Methemoglobinemia is a disease that results from abnormally high levels of methemoglobin (MetHb) in the red blood cell (RBC), which is caused by simultaneous uptake of oxygen (O(2)) and nitric oxide (NO) in the human lungs. MetHb is produced in the RBC by irreversible NO-induced oxidation of the oxygen carrying ferrous ion (Fe(2+)) present in the heme group of the hemoglobin (Hb) molecule to its non-oxygen binding ferric state (Fe(3+)). This paper studies the role of NO in the pathophysiology of methemoglobinemia and presents a multiscale quantitative analysis of the relation between the levels of NO inhaled by the patient and the hypoxemia resulting from the disease. Reactions of NO occurring in the RBC with both Hb and oxyhemoglobin are considered in conjunction with the usual reaction between oxygen and Hb to form oxyhemoglobin. Our dynamic simulations of NO and O(2) uptake in the RBC (micro scale), alveolar capillary (meso scale) and the entire lung (macro scale) under continuous, simultaneous exposure to both gases, reveal that NO uptake competes with the reactive uptake of O(2), thus suppressing the latter and causing hypoxemia. We also find that the mass transfer resistances increase from micro through meso to macro scales, thus decreasing O(2) saturation as one goes up the scales from the cellular to the organ (lung) level. We show that NO levels of 203 ppm or higher while breathing in room air may be considered to be fatal for methemoglobinemia patients since it causes severe hypoxemia by reducing the O(2) saturation below a critical value of 88%, at which Long Term Oxygen Therapy (LTOT) becomes necessary.

摘要

高铁血红蛋白血症是一种由于人体内肺部同时摄取氧气(O2)和一氧化氮(NO),导致红细胞(RBC)中高铁血红蛋白(MetHb)水平异常升高而引起的疾病。MetHb 是由血红蛋白(Hb)分子血红素基团中携带氧气的亚铁离子(Fe(2+))被不可逆的 NO 氧化为非氧结合的铁离子(Fe(3+))而产生的。

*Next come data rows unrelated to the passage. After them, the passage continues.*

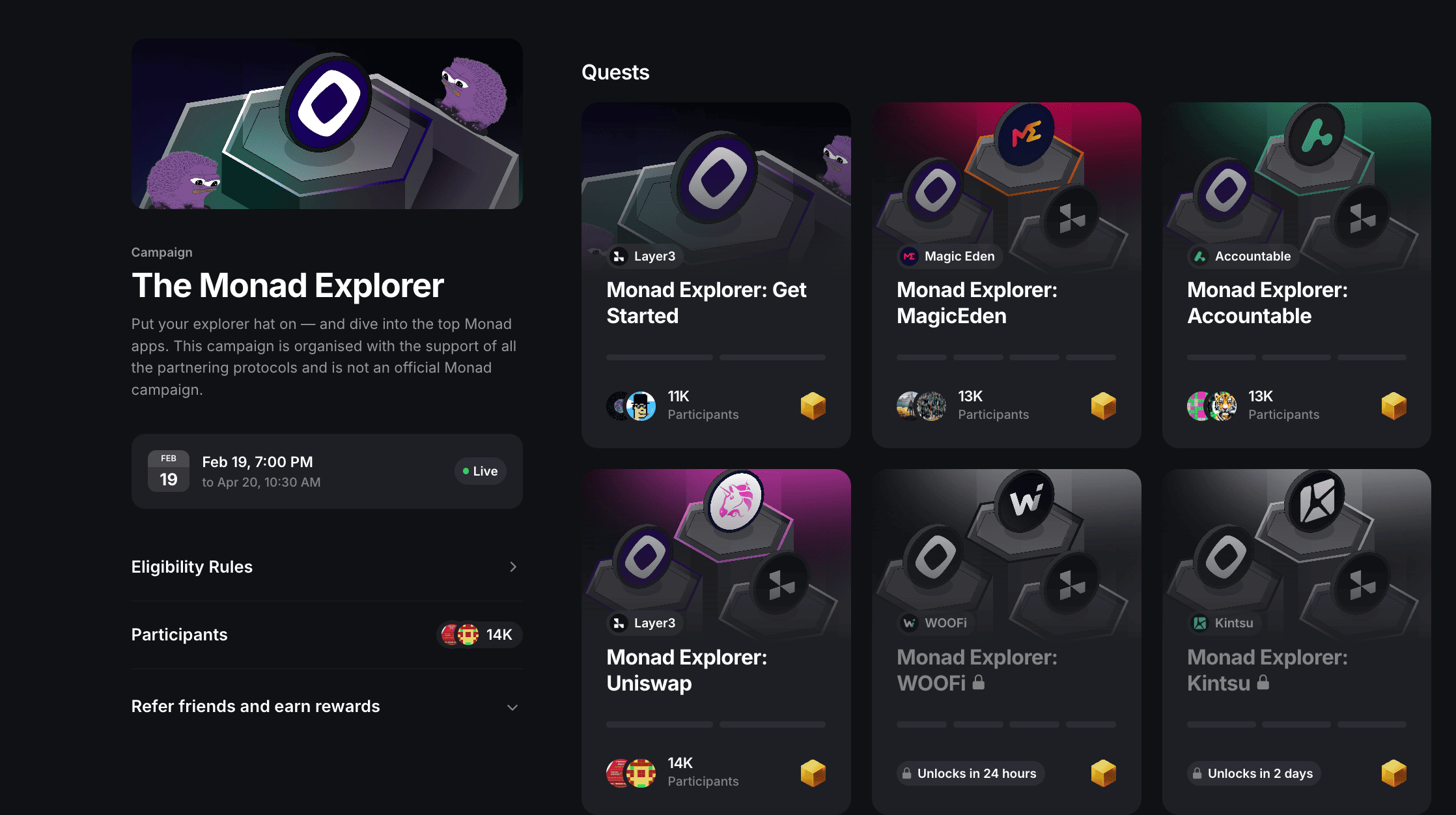 Another activity that will increase your chances of getting an airdrop from Monad is the Layer3 quests. At the moment only 14K users have completed them. This is very low for this level of project.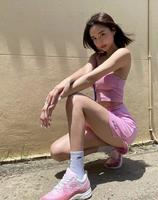 想要可爱的运动风穿搭就要从颜色下手啦!Bonnie为大家示范了全身粉色的运动套装,就连鞋子也是粉色的,搭配紫色的包包,营造出撞色的俏皮感,最适合可爱的懒女人XD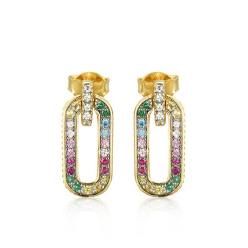 925 Silver 14ct Gold Plated Multi Col CZ Set Earrings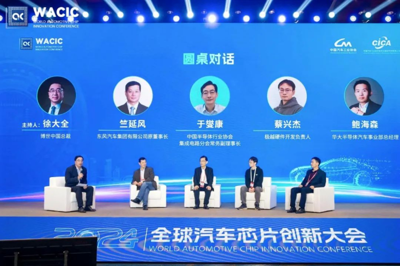 为加强交流、碰撞思想,在博世中国总裁徐大全的主持下,东风汽车集团有限公司原董事长竺延风、中国半导体行业协会集成电路分会常务副理事长于燮康、极越硬件开发负责人蔡兴杰以及华大半导体汽车事业部总经理鲍海森共同参与了大会的圆桌对话环节,就产业链上下游协同发展、国际化开放合作和软硬协同等话题分享了真知灼见。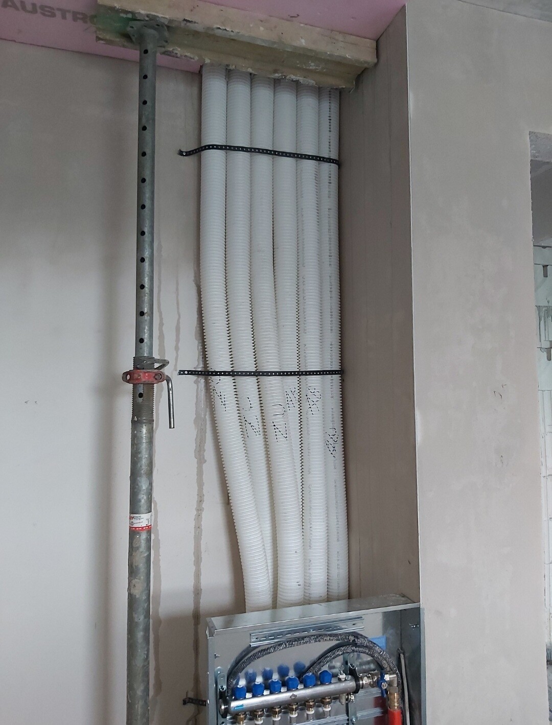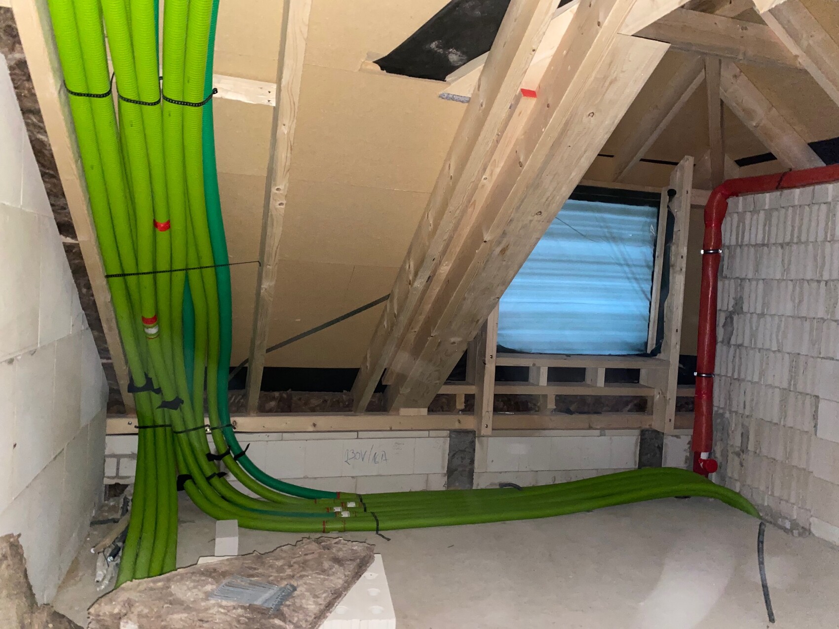 Dann sollen die Rohre für EG und Keller am Dach entlang nach unten gelegt werden, bevor es im EG dann an der Wand hinter einer kleinen Abmauerung in den Keller geht. Das Thema Dämmung habe ich beim Bauleiter angesprochen und er meinte, das wäre kein Problem. Die normale Dämmwolle soll dann hinter den Rohren gegen etwas "besseres" getauscht werden.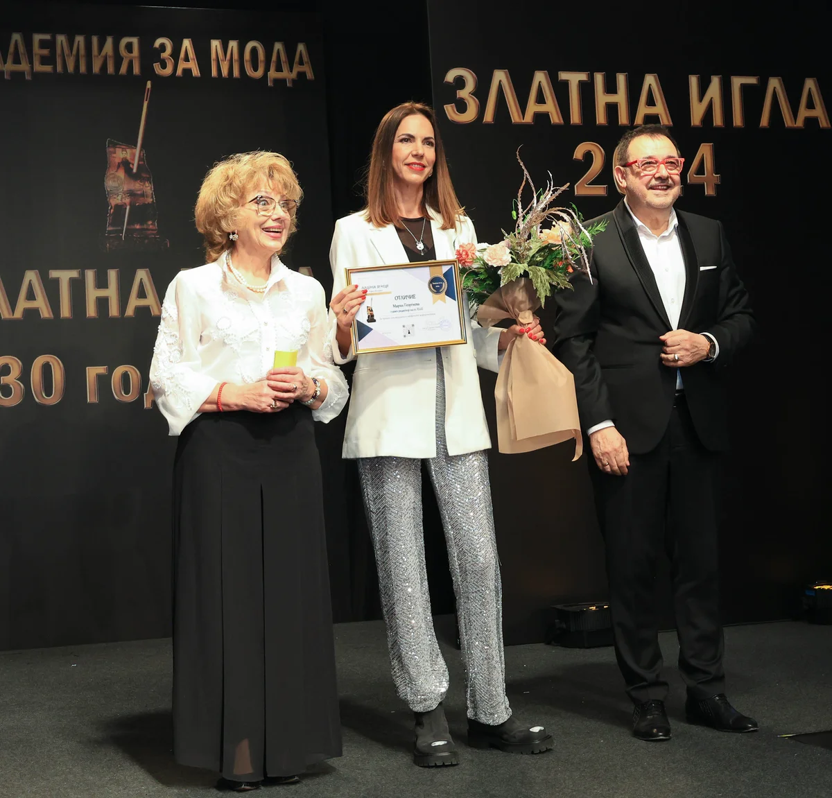 Водеща на бляскавото събитие бе Гери Дончева Янков, която сияеше в рокли на Поля Кинова и Стоян Радичев. Лицето на тазгодишните награди „Златна игла“ – Антоанета Боянова, откри официално вечерта с индивидуално дефиле, облечена в тоалет на Светослав Колчагов – двукратен носител на „Златна игла“.
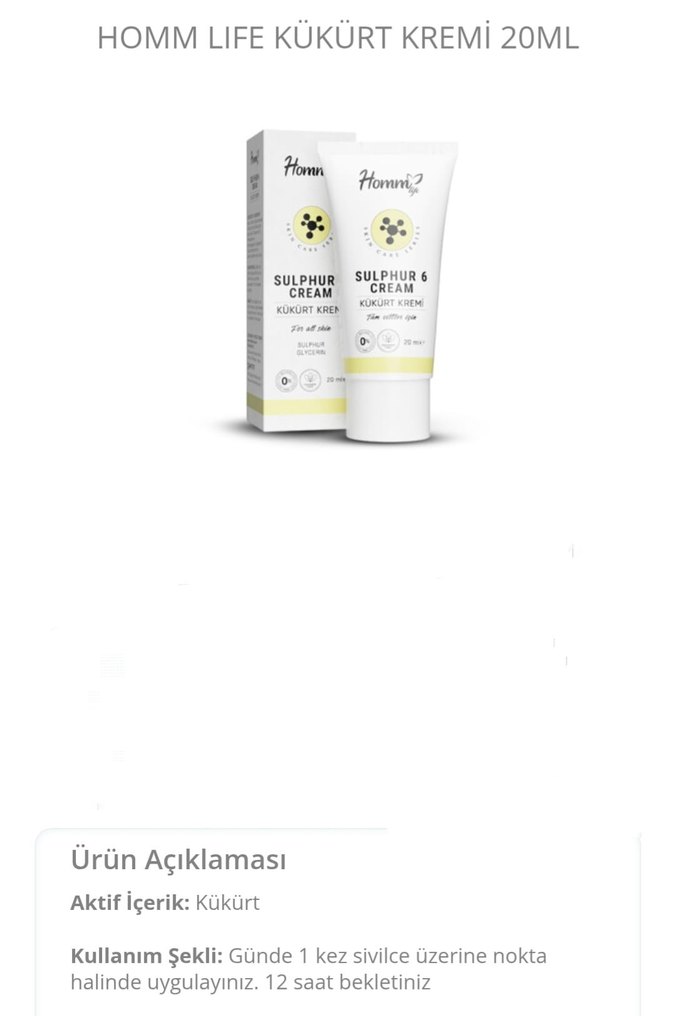 Homm Life Kükürt Kremi, aktif kükürt içerir ve sivilce üzerine günde bir kez nokta uygulaması için uygundur.

本文研究了 NO 在高铁血红蛋白血症病理生理学中的作用,并对患者吸入的 NO 水平与疾病引起的低氧血症之间的关系进行了多尺度定量分析。与通常的氧与 Hb 形成氧合血红蛋白的反应一起,考虑了 NO 在 RBC 中与 Hb 和氧合血红蛋白发生的反应。我们对 RBC(微观尺度)、肺泡毛细血管(中观尺度)和整个肺(宏观尺度)在连续同时暴露于两种气体下的 NO 和 O2 摄取的动态模拟表明,NO 摄取与 O2 的反应性摄取竞争,从而抑制后者并导致低氧血症。我们还发现,从微观到中观再到宏观尺度,传质阻力增加,因此,从细胞水平到器官(肺)水平,O2 饱和度随着尺度的增加而降低。我们表明,在吸入室内空气时,NO 水平达到 203ppm 或更高可能被认为对高铁血红蛋白血症患者是致命的,因为它会将 O2 饱和度降低到 88%以下的临界值,从而需要长期氧疗(LTOT)。